** Opening MATERIAL FOR THIS TASK block **

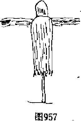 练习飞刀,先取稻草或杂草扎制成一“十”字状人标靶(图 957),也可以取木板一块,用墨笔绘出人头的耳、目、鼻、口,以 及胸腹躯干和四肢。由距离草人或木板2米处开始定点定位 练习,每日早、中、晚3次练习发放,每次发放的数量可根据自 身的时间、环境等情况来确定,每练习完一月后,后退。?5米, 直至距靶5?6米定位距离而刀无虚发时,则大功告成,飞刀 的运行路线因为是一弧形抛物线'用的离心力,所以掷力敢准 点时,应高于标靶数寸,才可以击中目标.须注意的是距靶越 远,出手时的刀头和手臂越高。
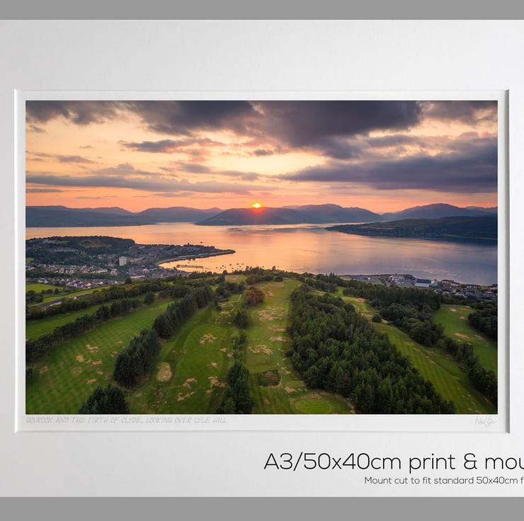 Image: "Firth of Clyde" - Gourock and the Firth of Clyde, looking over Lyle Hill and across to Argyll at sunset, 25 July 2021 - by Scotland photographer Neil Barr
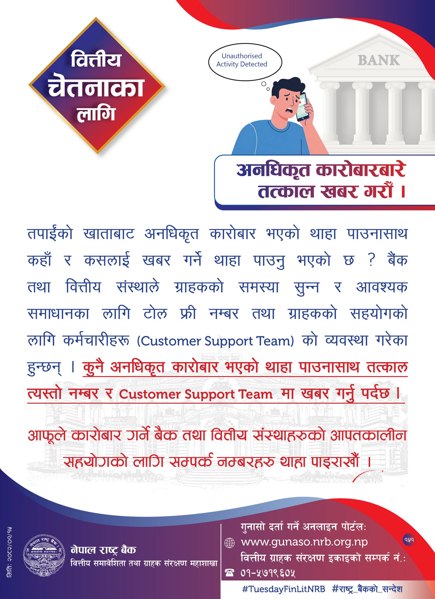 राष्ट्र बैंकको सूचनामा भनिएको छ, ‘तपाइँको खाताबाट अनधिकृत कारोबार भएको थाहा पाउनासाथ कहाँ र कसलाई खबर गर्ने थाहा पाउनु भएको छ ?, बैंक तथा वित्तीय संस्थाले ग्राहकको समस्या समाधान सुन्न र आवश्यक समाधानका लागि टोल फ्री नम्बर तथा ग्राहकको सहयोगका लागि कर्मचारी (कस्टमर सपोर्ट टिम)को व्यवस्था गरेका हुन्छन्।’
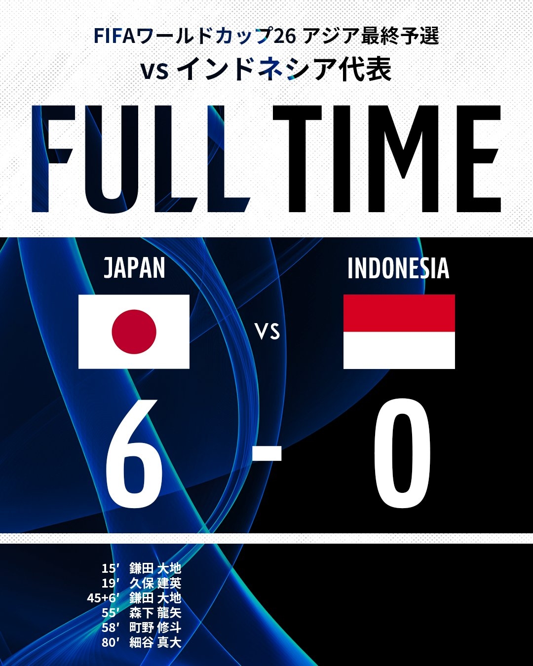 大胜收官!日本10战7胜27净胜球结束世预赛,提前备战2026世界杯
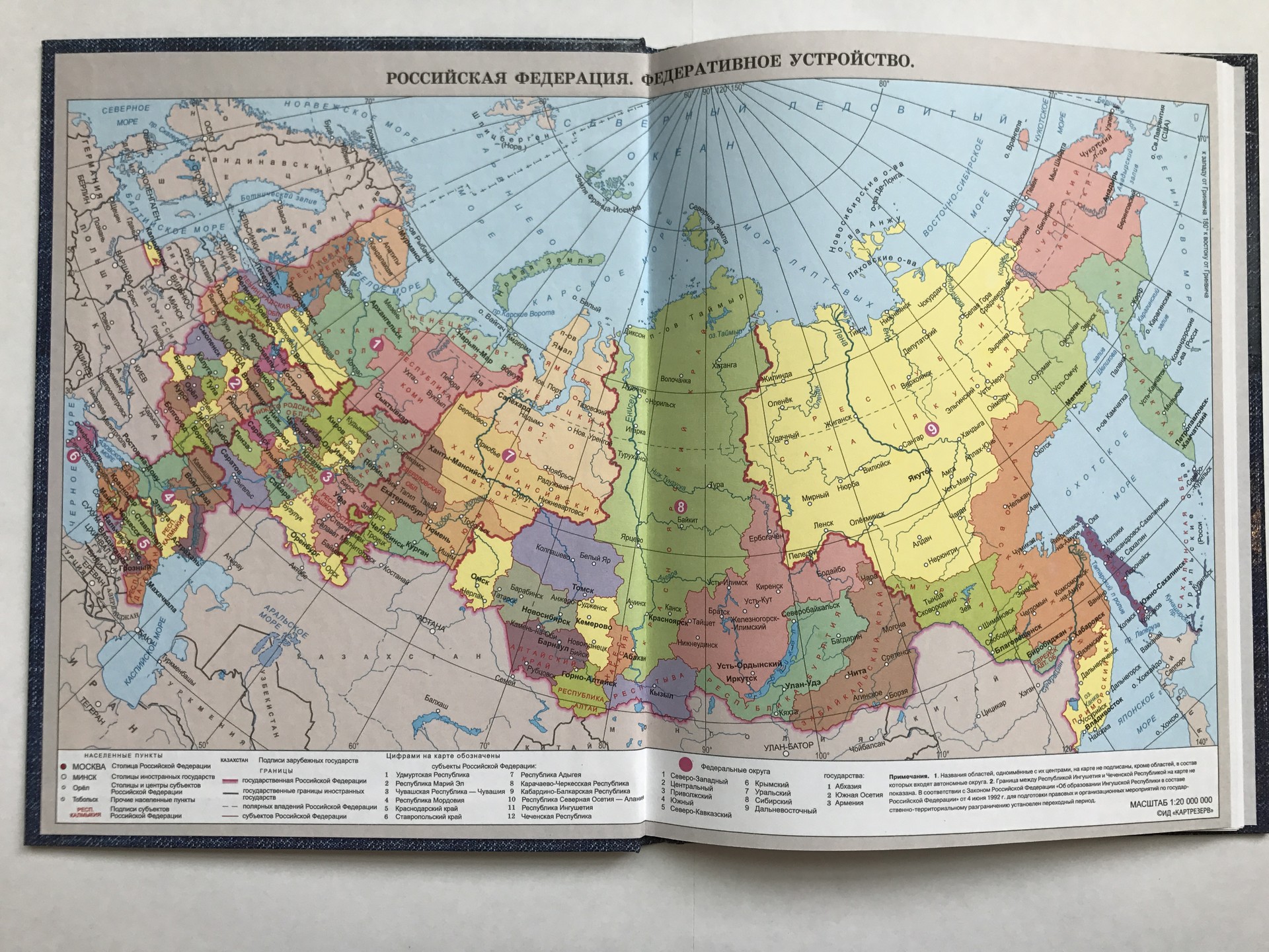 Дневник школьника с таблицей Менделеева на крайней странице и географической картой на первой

** Closing MATERIAL FOR THIS TASK block **
** Opening MATERIAL FOR THIS TASK block **

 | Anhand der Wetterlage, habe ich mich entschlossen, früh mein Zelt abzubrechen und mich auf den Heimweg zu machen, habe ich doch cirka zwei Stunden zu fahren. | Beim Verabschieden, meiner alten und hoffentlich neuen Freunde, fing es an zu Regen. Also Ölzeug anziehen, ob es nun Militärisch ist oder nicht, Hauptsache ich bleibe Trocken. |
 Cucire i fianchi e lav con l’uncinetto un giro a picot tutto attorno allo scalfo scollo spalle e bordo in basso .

** Closing MATERIAL FOR THIS TASK block **

- _THE PROBLEM_
The data above holds the lines to copy: start at the one with "大胜收官!日本10战7胜27净胜球结束世预赛,提前备战2026世界杯", stop at the one with "Дневник школьника с", include both, copy them exactly without pictures, and copy nothing else.

- _RESULT BELOW_
 大胜收官!日本10战7胜27净胜球结束世预赛,提前备战2026世界杯
 Дневник школьника с таблицей Менделеева на крайней странице и географической картой на первой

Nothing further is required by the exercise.